Goldengrove by Francine Prose

Author:Francine Prose [Prose, Francine]
Language: eng
Format: epub
Tags: Young Adult, Adult, Contemporary
ISBN: 9780060560027
Google: 5VCLRAAACAAJ
Amazon: 8492723130
Barnesnoble: 8492723130
Goodreads: 3329521
Publisher: HarperLuxe
Published: 2008-01-01T05:00:00+00:00


AFTER THAT, AARON AND I MET ON SUNDAYS, AND SOMETIMES in the mornings before I went to have lunch with my father. We always met in the same spot. Aaron got there early, parked parallel to the road, and opened the tailgate so he could sit in the back, in the sun.

Mostly, we drove around in the van. He knew so many beautiful places I never knew existed. Once he stopped at a turnoff, and we hiked into the woods, and he showed me a grove of foxgloves, pink, yellow, and purple, six feet tall, standing at attention like a sentinel troupe of space invaders. Another day, we found a patch of wild strawberries so thick we ate until I felt tipsy from the fermented fruit. Anyway, that’s what I pretended. Then we sat at the edge of the field, enjoying front-row seats at a duel between two hummingbirds who fought until one stabbed his beak into the other’s neck, and the loser plunged into the brambles. Even though it was awful, I felt lucky to be there, as if nature had staged the death match expressly for Aaron and me.

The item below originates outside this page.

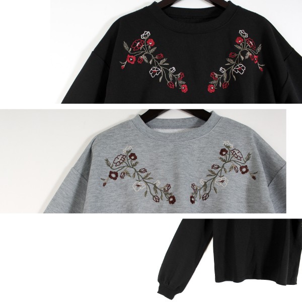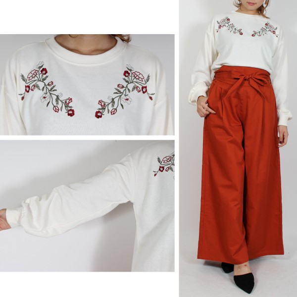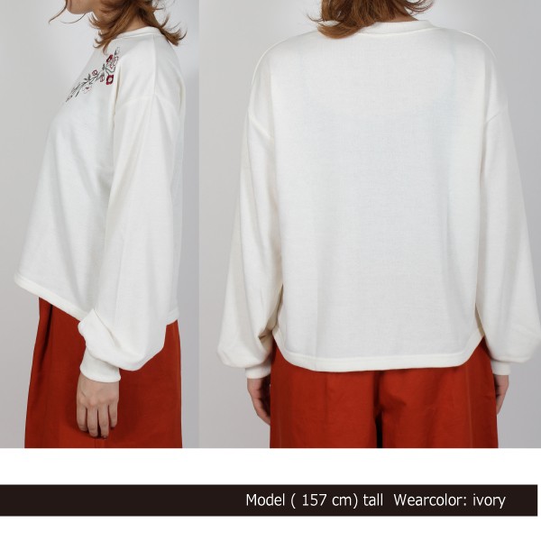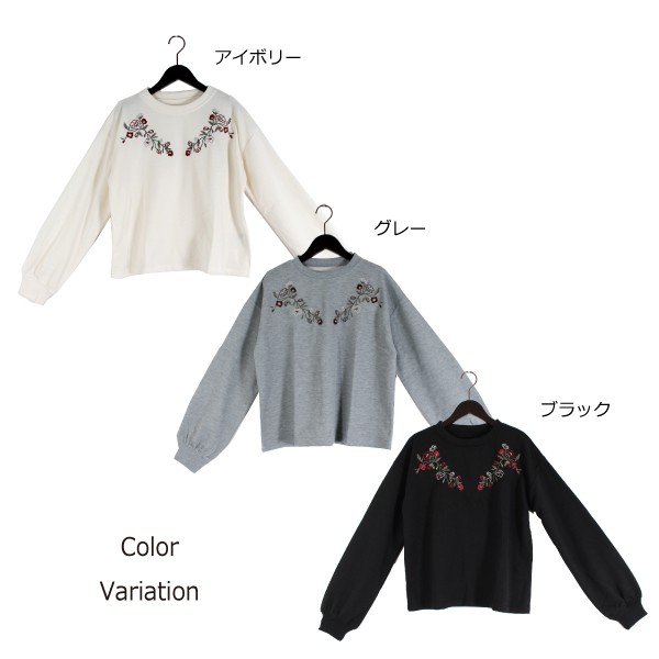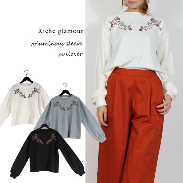 E裏毛の刺繍入り ボリュームスリーブ プルオーバー☆別布リブカラーは各色ボディマッチです◎定番人気のシルエットで!Mサイズ

He took me to a part of the forest where someone had piled a mound of stones. He said it was a druid grave, from centuries before Columbus. It was something Margaret would have said. Probably it wasn’t true, but I didn’t correct him. I didn’t want him to think that he and Margaret had been the only poets.

He would never have done something corny, like whipping out a drawing pad and sketching. But every so often, he’d look at a mountain or a tree as if he was framing it in his mind, and I’d wonder if he was figuring out how it might work as a painting.

One Sunday afternoon, we were parked at Miller’s Point, watching two high-flying hawks perform their suicide-courtship air ballet.

Aaron said, “You know, this is the first time I’ve thought about making art since . . .” That was our code-speak for Margaret’s death: the silence that came after since.

I was so happy that being with me might have made Aaron start thinking about painting. He’d promised we’d help each other, but I’d never believed I could help him. I remembered the Senior Show, how he’d crossed in front of the screen and, for a second, Mirror Lake had rippled over his handsome face.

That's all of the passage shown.